[Start of Attachment]
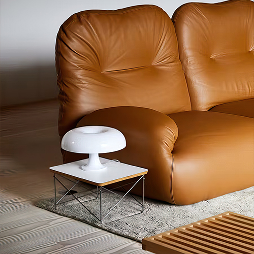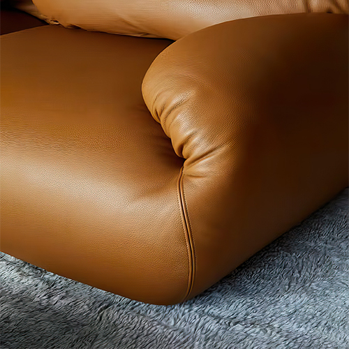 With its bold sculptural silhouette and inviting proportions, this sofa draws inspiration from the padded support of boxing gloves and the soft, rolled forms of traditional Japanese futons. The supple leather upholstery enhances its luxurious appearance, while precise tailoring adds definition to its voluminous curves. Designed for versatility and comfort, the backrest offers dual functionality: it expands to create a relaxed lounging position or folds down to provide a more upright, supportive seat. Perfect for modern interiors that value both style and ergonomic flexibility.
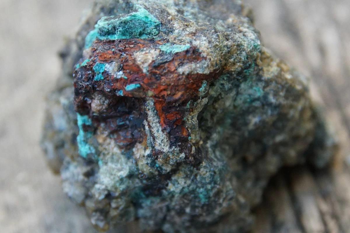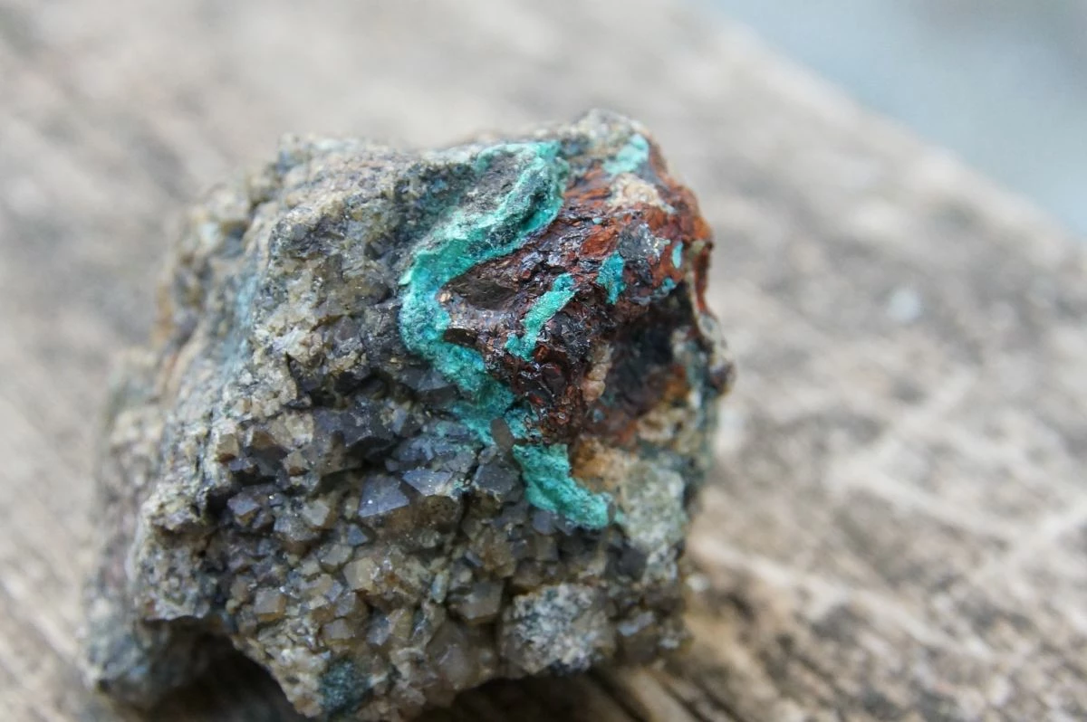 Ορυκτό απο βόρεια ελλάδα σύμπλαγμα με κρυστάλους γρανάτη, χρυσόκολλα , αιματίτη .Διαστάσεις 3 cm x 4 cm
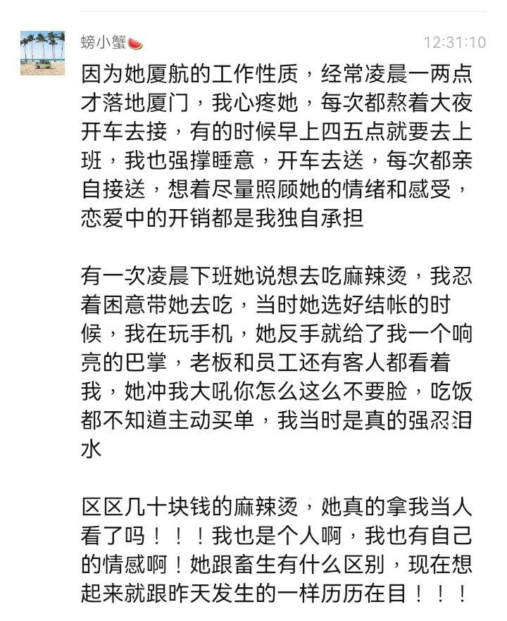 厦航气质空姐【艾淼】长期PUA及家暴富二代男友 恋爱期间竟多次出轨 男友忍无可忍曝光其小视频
[End of Attachment]
[Start of Attachment]
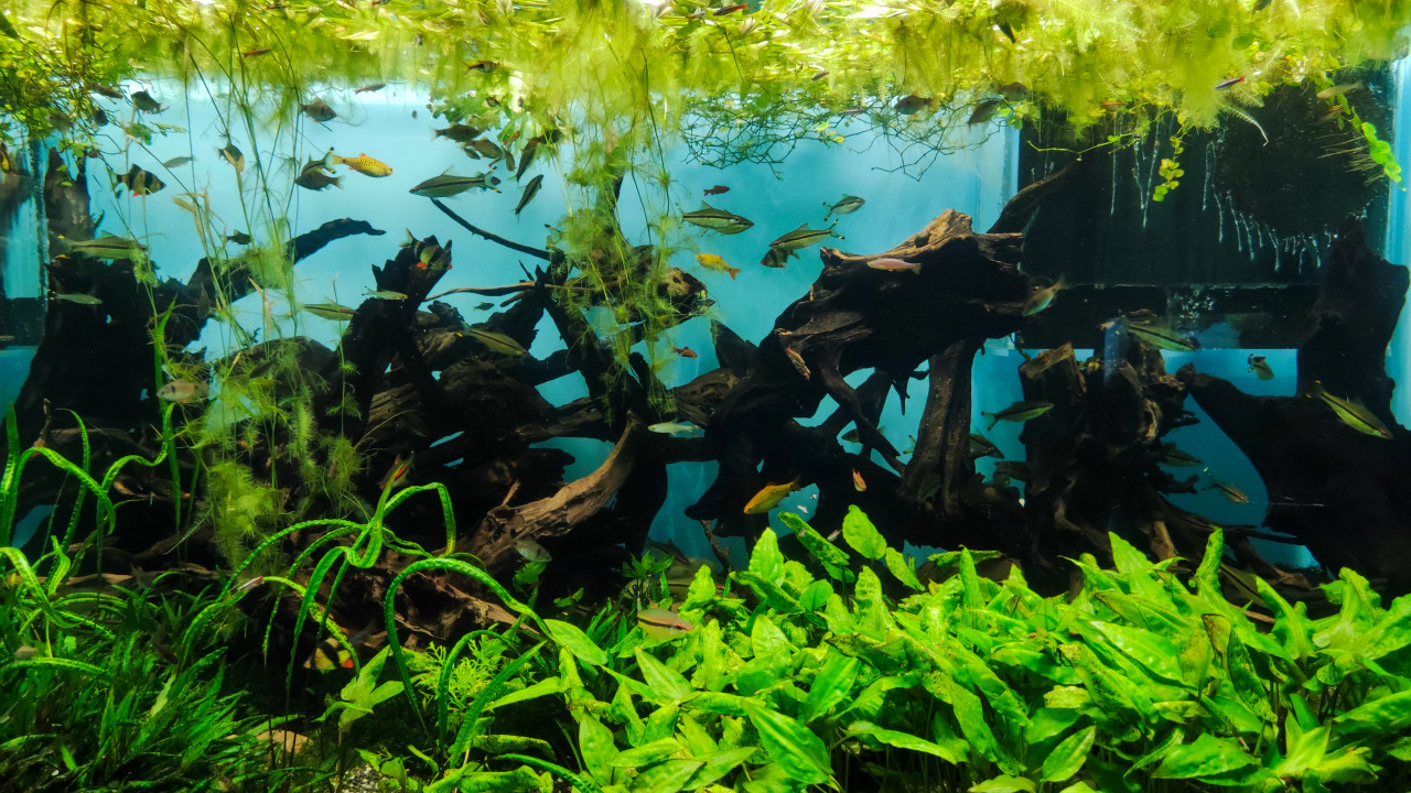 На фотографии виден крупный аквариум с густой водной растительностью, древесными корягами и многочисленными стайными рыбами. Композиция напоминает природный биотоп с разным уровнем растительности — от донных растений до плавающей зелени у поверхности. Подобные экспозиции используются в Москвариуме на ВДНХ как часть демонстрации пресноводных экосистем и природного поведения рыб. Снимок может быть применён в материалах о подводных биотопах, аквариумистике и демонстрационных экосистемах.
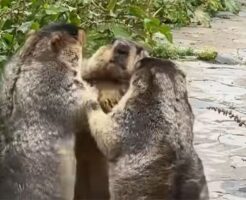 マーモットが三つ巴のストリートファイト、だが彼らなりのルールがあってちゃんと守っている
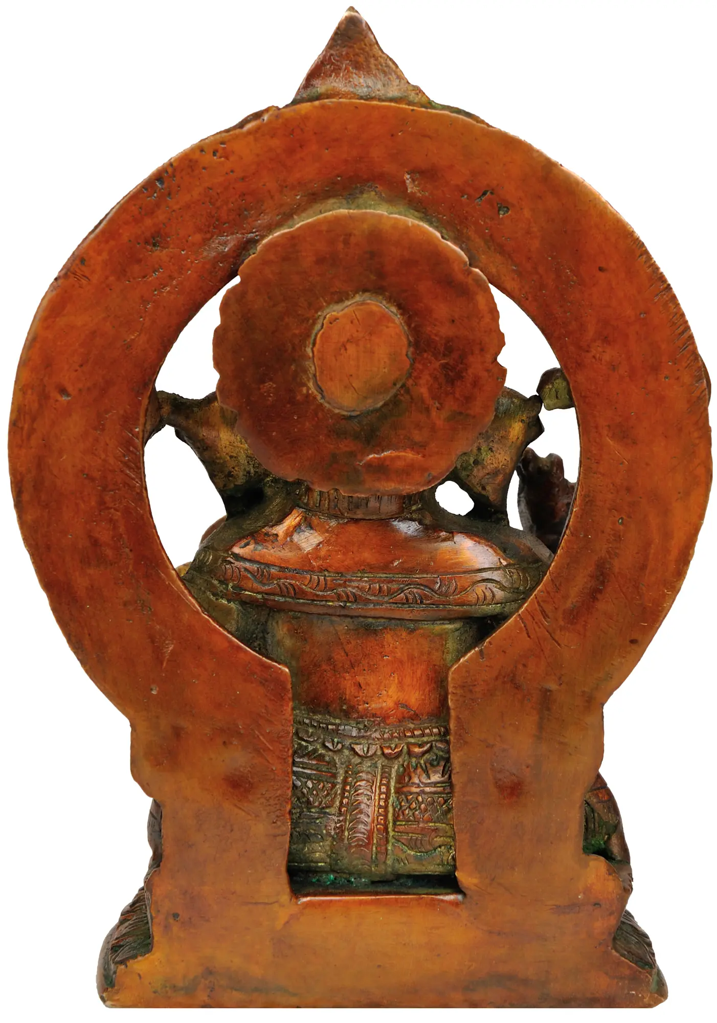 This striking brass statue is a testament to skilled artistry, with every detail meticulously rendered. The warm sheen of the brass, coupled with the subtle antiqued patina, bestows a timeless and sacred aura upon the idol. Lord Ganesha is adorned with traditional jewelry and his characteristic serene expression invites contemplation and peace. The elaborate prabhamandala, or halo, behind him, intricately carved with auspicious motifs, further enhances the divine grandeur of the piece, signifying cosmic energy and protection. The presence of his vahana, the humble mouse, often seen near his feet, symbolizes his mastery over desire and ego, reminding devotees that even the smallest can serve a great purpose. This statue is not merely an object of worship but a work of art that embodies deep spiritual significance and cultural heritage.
[End of Attachment]
§ INSTRUCTIONS TO FOLLOW: Everything between and including the line above containing "With its bold" and the line containing "厦航气质空姐【艾淼】长期PUA及家暴富二代男友 恋爱期间竟多次出轨 男友忍无可忍曝光其小视频" should be reproduced exactly, with pictures excluded.

§ YOUR SOLUTION:
 With its bold sculptural silhouette and inviting proportions, this sofa draws inspiration from the padded support of boxing gloves and the soft, rolled forms of traditional Japanese futons. The supple leather upholstery enhances its luxurious appearance, while precise tailoring adds definition to its voluminous curves. Designed for versatility and comfort, the backrest offers dual functionality: it expands to create a relaxed lounging position or folds down to provide a more upright, supportive seat. Perfect for modern interiors that value both style and ergonomic flexibility.
 Ορυκτό απο βόρεια ελλάδα σύμπλαγμα με κρυστάλους γρανάτη, χρυσόκολλα , αιματίτη .Διαστάσεις 3 cm x 4 cm
 厦航气质空姐【艾淼】长期PUA及家暴富二代男友 恋爱期间竟多次出轨 男友忍无可忍曝光其小视频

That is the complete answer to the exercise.